The spread in value between conventional mortgage-backed security and a DSRC mortgage-backed security has risen to double what it was recently. In the past, you could expect a rate differential or value differential of anywhere from 75 to 100 basis points, and now that differential has risen from 1.5% to 2%. Because of this, coupled with rising interest rates, the interest rate charged on a DSCR loan has doubled over the past year. A quick internet search on DSCR loan interest rates shows advertised rates anywhere from 7.5% to 8.5% on a 30-year DSCR loan at a 75% LTV and a 1.2 DSCR. Of course, this hinges on good credit of over 720, and any of those missing factors will make that interest rate climb even higher.

So, the question for real estate investors is this: can I purchase a home today, rehab it, rent it out, and then refinance at an interest rate that still allows me to cash flow on my rental property? The short answer is no because that process takes time. Depending on how much rehab that house will take, it could take months to complete. With rates rising as quickly as they have, it’s challenging for us to predict where interest rates will be once your property is ready to refinance. If rates climbed another full percentage point, would your property still cash flow? If so, maybe you take the chance, perhaps you can make it through, and possibly the deal still cash flows for you. But if you’re buying at the peak of prices, where people are bidding against each other for this property, it may not make sense to continue the BRRR strategy.

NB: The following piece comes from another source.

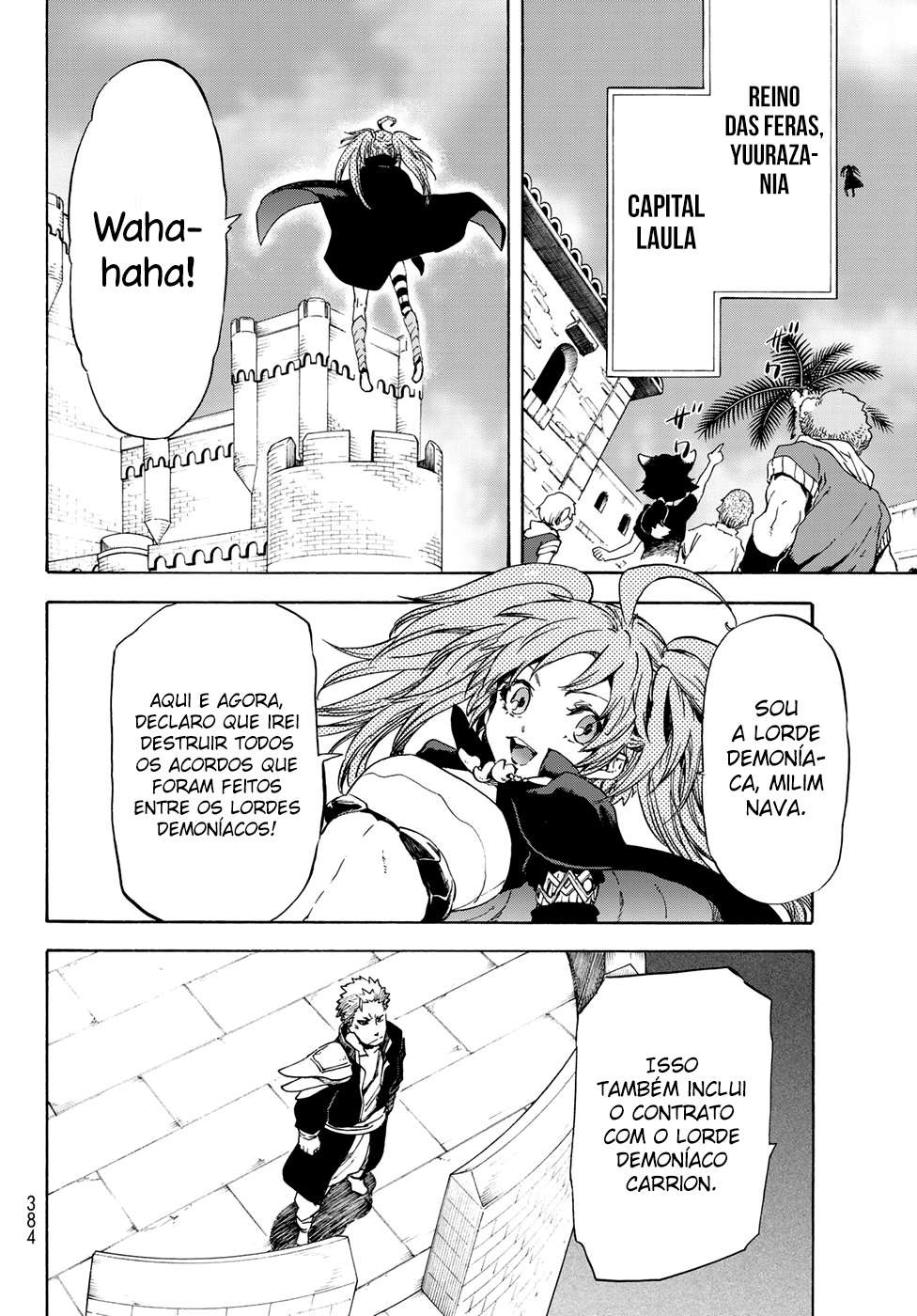 Capítulo 1 - Morte~ e ReencarnaçãoCapítulo 2 - Guardião da Vila GoblinCapítulo 3 - Slime vs Tribo dos Lobos de PresaCapítulo 4 - Destino: Reino dos AnõesCapítulo 5 - Artesão Anão!!Capítulo 6 - A Pessoa DestinadaCapítulo 7 - Julgamento do Rei HeróiCapítulo 8 - Fragrância FamiliarCapítulo 9 - O Demônio das ChamasCapítulo 10 - A Vontade HerdadaCapítulo 11 - O Começo da InquietaçãoCapítulo 12 - O Forte na Floresta JuraCapítulo 13 - Ataque dos OgrosCapítulo 14 - Afazeres de OgroCapítulo 15 - Grande Floresta e Diferentes MudançasCapítulo 16 - A Chegada de GabilCapítulo 17 - Gobuta vs GabilCapítulo 18 - Engrenagens do DestinoCapítulo 19 - Falsa VantagemCapítulo 20 - Início da GuerraCapítulo 21 - Os Efeitos Sobre a GuerraCapítulo 22 - Tempestade da MorteCapítulo 23 - Desastre OrcCapítulo 24 - O Admirável DemônioCapítulo 25 - Aquele que Devora TudoCapítulo 26 - A Grande Aliança da Floresta JuraCapítulo 27 - Um Lugar para RelaxarCapítulo 28 - Aqueles que Observam a Cidade dos DemôniosCapítulo 29 - Reunião do Rei dos DemôniosCapítulo 30 - A Lord DemônioCapítulo 31 - O Furação MilimCapítulo 32 - O Furação Milim (Conclusão)Capítulo 33 - O Plano dos Lordes DemônioCapítulo 34 - Aqueles que se Reúnem na Cidade dos MonstrosCapítulo 35 - O Plano do HeróiCapítulo 36 - Relatório do GerenteCapítulo 37 - CharybidsCapítulo 38 - Tirano da DestruiçãoCapítulo 39 - Como uma NaçãoCapítulo 40 - Negócios com YuurazaniaCapítulo 41 - O Convite do Rei Gazelle (Parte 1)Capítulo 42 - O Convite do Rei Gazelle (Parte 2)Capítulo 43 - Para o Reino HumanoCapítulo 44 - Reino Brumund (Parte 1)Capítulo 45 - Reino Brumund (Parte 2)Capítulo 46 - Yuuki KagurazakaCapítulo 47 - O Fardo dos HeróisCapítulo 48 - O Papel de um ProfessorCapítulo 49 - O Rico Comerciante Garde-MyourmilesCapítulo 50 - A Habilitação dos EspíritosCapítulo 51 - A Rainha dos EspíritosCapítulo 52 - Almas que podem ser salvasCapítulo 53Capítulo 54Capítulo 55Capítulo 56Capítulo 57Capítulo 58Capítulo 59Capítulo 60Capítulo 61Capítulo 62Capítulo 63Capítulo 64Capítulo 65Capítulo 65.5Capítulo 66Capítulo 67Capítulo 68Capítulo 69Capítulo 70Capítulo 71Capítulo 72Capítulo 73Capítulo 74Capítulo 75Capítulo 76 - Lordes Demônios e Dragões VerdadeirosCapítulo 77 - Véspera da batalhaCapítulo 78 - WalpurgisCapítulo 79 - BatalhaCapítulo 80 - O Retorno da Grande BestaCapítulo 81Capítulo 82Capítulo 84Capítulo 85 - Na Terra SagradaCapítulo 86Capítulo 87Capítulo 88Capítulo 89Capítulo 90 - O objetivo dos SantosCapítulo 91 - Nostalgia da Terra NatalCapítulo 92 - Segundo EncontroCapítulo 93 - Conflito entre "Bem" e "Mal"Capítulo 94 - O Sorriso do Demônio AntigoCapítulo 95Capítulo 96 - Deus e Lorde DemônioCapítulo 97Capítulo 98 - Relatório de ProgressoCapítulo 99 - Reconciliação e Acordos (1)Capítulo 100 - Reconciliação e Acordos (2)Capítulo 101 - Reconciliação e Acordos (2.5)Capítulo 102 - Convidando as outras nações Capítulo 103 - A Fada do LabirintoCapítulo 104 - Preparação para AberturaCapítulo 105 - O Começo do Romance da TenguCapítulo 106 - Audiências FormaisCapítulo 107 - O Herói da Velocidade da LuzCapítulo 108 - A Véspera do FestivalCapítulo 109 - Reuniões e EncontrosCapítulo 110 - Conquistas CulináriasCapítulo 111 - O Festival da FundaçãoCapítulo 112 - Um Problema SurgeCapítulo 113 - O Torneio de BatalhaCapítulo 114 - Encontro de MentesCapítulo 115 - As Finais e A ConversaCapítulo 116 - A Grande Abertura do LabirintoCapítulo 117 - Explorando o LabirintoCapítulo 118 - Após o FestivalCapítulo 119 - Uma Breve Negociação do LabirintoCapítulo 120 - A Ameaça SlimeCapítulo 121 - A Caminho do ConselhoCapítulo 122 - Em Direção à EngrassiaCapítulo 123 - O Conselho CaóticoCapítulo 124 - O Conselho Caótico 2Capítulo 125 - Por Trás das CortinasCapítulo 126 - A Armadilha da GanânciaCapítulo 127 - A Cidade Antiga de AmritaCapítulo 128 - Maribel, A GananciosaCapítulo 129 - O Fim da HumilhaçãoCapítulo 129 - O Fim da HumilhaçãoCapítulo 136

If you want to move forward with this strategy in such an uncertain and volatile time, my first advice is to make sure you have a lot of cash available to you in case you have to cover a negative cash flow for a while on your new rental property. Number two, I would also make sure you’re buying deep. In other words, the days of buying at 80% of value or 1% rent-to-price ratios are over. Those properties are not going to cash flow at these higher interest rates going forward. Buy it deep. Paying too little will never hurt you in real estate investing but paying too much certainly will. And third of all, buy deals that have a very short timeline. In other words, a quick rehab and a solid rental base so that you can rehab it quickly, fill it quickly and refinance it quickly as rates continue to climb.

With the most recent PPI and CPI numbers this week (Oct. 14, 2022), the FED is almost certain to raise rates again. While the Federal Reserve rate does not necessarily impact the 30-year owner-occupant or conventional mortgage rate as much as it does other loans, a DCSR loan is not a conventional one. It is considered a commercial loan and is directly affected by the FED funds rate. Any increase by the FED can almost guarantee that DSCR products and hard money products will rise accordingly. It may not be a point-for-point rise, but it will rise. Over the coming months, I would expect the rates on DSCR loans to get as high as 9% and 10%, which rivals what we were paying for hard money rates on the fix and flip loans not that many months ago.

In my humble opinion, this will kill many DSCR lending programs. This market shift will shift the focus of hard money lenders from the rental loan programs they broker to the fix-and-flip product—their flagship (and most profitable) product, to say the least. The national non-QM market is filled with undercapitalized lending companies that will not be able to navigate the changing market with current capital reserves and will fold under the pressure of rising rates. Let’s face it; their rates were the only thing they had going. Once that is gone, the writing is on the wall.

Buying rental property is always a good strategy if it is purchased at the right price and you have available capital at a cost that allows your property to be profitable. My suggestion is to get to know local lenders and build a network of local capital. That could include local banks, local hard money companies with their own DSCR programs that are not brokered, and private money investors. The cheap national companies provided a great opportunity for a time but continuing that reliance may prove to be detrimental to your growth. Having a plan B in case your lender leaves you at the closing table is a good strategy in any market, this one in particular.

How to Diversity Your Real Estate Portfolio

Many people may not realize that we can invest in real estate AND diversify in real estate. In this video, I tell you how.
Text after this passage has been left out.